The tumor suppressor p53 encodes a transcription factor that inhibits cell growth and promotes cell-cycle arrest and apoptosis in response to DNA damage. P53 loss leads to chromosomal instability, aneuploidy and inhibition of apoptosis [25]. P53 mutations occur in 60-85% of non-EEC and are associated with aggressive histology, advanced stage and poor clinical outcome [8]. In 131 surgically staged EC patients, 30% had p53 mutations and an 11-fold increased risk of death compared to patients without p53 mutations, after adjusting for histology, grade, FIGO stage, and lymph node metastasis [26]. A multivariate analysis for p53 mutations after stratifying for adjuvant radiotherapy and found lower survival rates in patients with mutations [27]. Adjuvant radiotherapy improved OS of p53 mutation carriers to match that of patients without p53 mutations, but did not improve OS in patients without mutations.

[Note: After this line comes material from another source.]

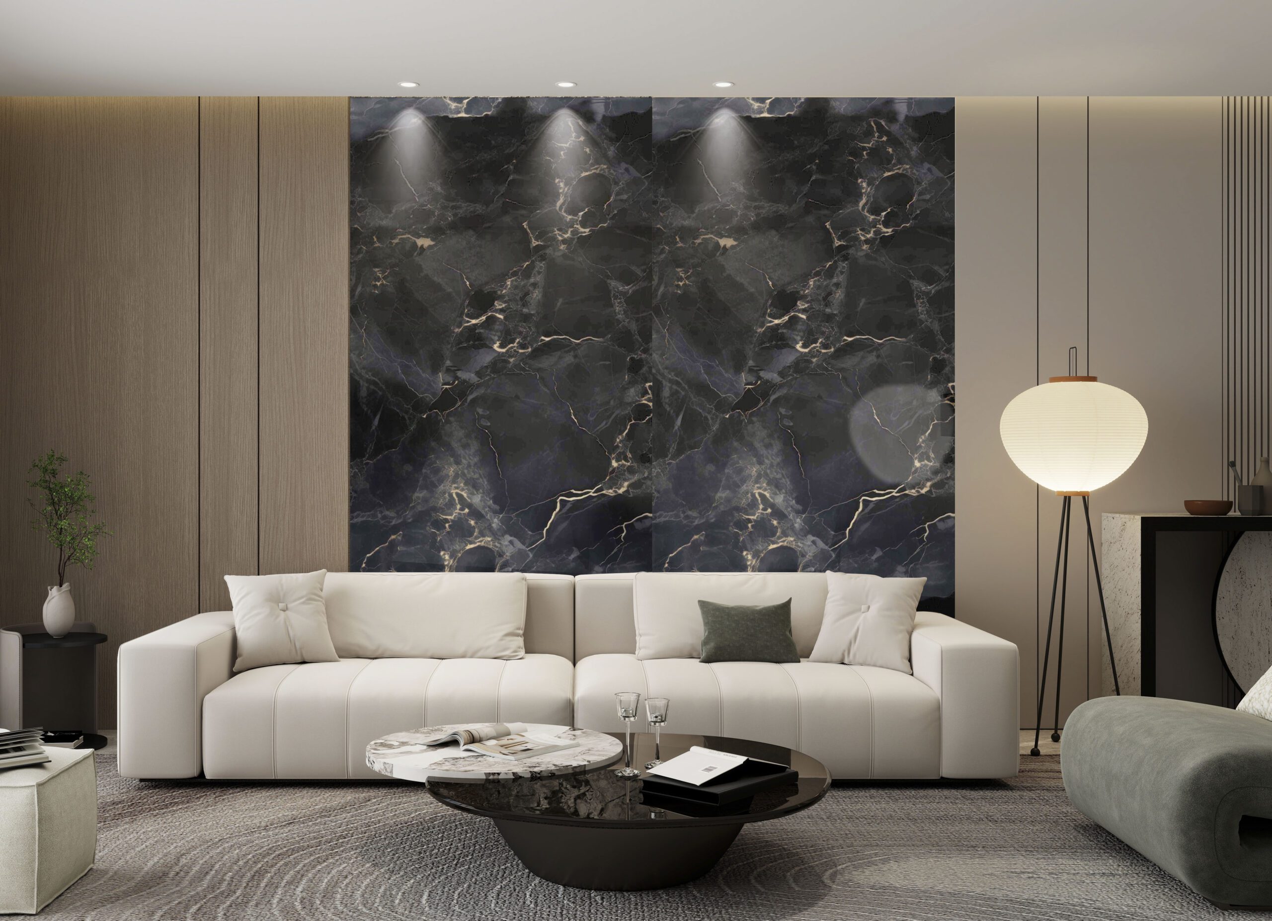 • Nero Portoro-Look: Tiefschwarze Grundfarbe mit markanter, fließender Gold-Maserung

P53 mutations are also seen in 2% of low-grade EECs, 20% of high-grade EECs, 54% of mixed carcinomas, 75% of endometrial intraepithelial carcinomas, and up to 90% of USCs [8, 28, 29]. Simultaneous loss of p53 and activating PIK3CA mutations in high-grade and mixed EECs promotes aggressive malignant transformation and leads to poorer survival than in patients with p53 mutations alone [30]. These studies suggest that p53 mutations may influence early events in serous carcinogenesis and induce progression of EECs to non-EECs. Therefore, detecting p53 mutations and PI3K-AKT-mTOR pathway activations is critical in identifying women at high risk of poor outcomes and treating them appropriately.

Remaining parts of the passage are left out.